New Publication: “How Reflection Enhances Task Factuality in the Use of Large Language Models” in JMIS (VHB A; FT50)












Working with AI








“Say as I Don’t Say”



In a new publication from our chair on the use of Large Language Models (LLMs), published in the Journal of Management Information Systems (VHB A; FT50), Prof. Adam and other researchers shows that LLMs are most useful when they do more than simply agree with us. The best outcomes arise when users critically reflect on their own assumptions while the AI challenges their thinking.


The takeaway: treat LLMs as sparring partners – question, test, and refine ideas instead of passively accepting their answers.



Martin Adam: “I am particularly proud of this project because it originated through back-and-forth reflections with others while teaching the use of LLMs.”
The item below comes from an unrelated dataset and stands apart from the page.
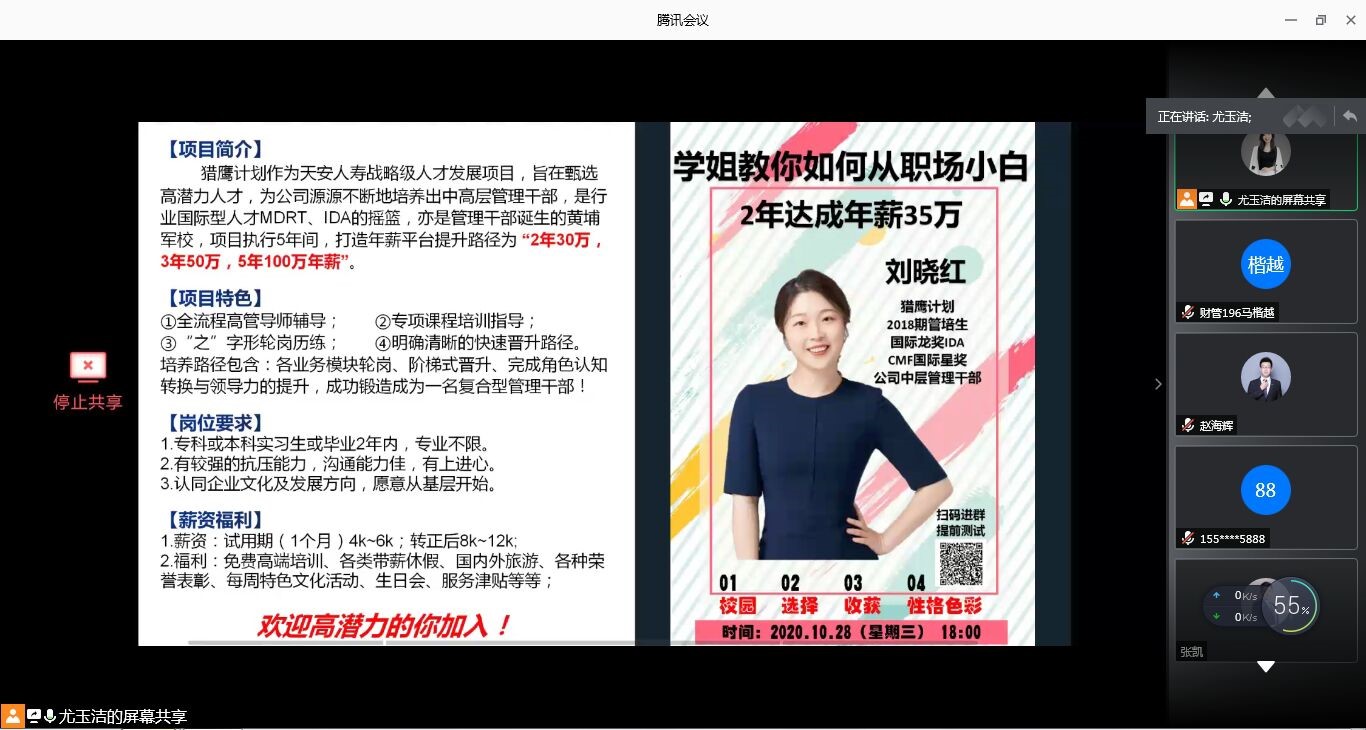 为更好地拓宽2021届毕业生就业渠道,9999js金沙老品牌于10月28日晚通过腾讯会议召开天安人寿2021年校园招聘宣讲会。此次宣讲会由性格色彩分析师尤玉洁、2018期管培生刘晓红担任主讲,9999js金沙老品牌2017级毕业生参会。

The paper can be accessed here:
https://www.tandfonline.com/doi/full/10.1080/07421222.2026.2692283






The following interview highlights the main idea of the publication:



AI as a Sparring Partner: How Critical Thinking Improves Collaboration with LLMs




Large Language Models like ChatGPT can make knowledge and ideas quickly available – but achieving high-quality results requires more than simply using them. A recent study in the Journal of Management Information Systems examines how people can improve the quality of collaboration with LLMs through reflection. We spoke with the author, Prof. Dr. Martin Adam, about the key insights.




Professor Adam, what was the core question of your study?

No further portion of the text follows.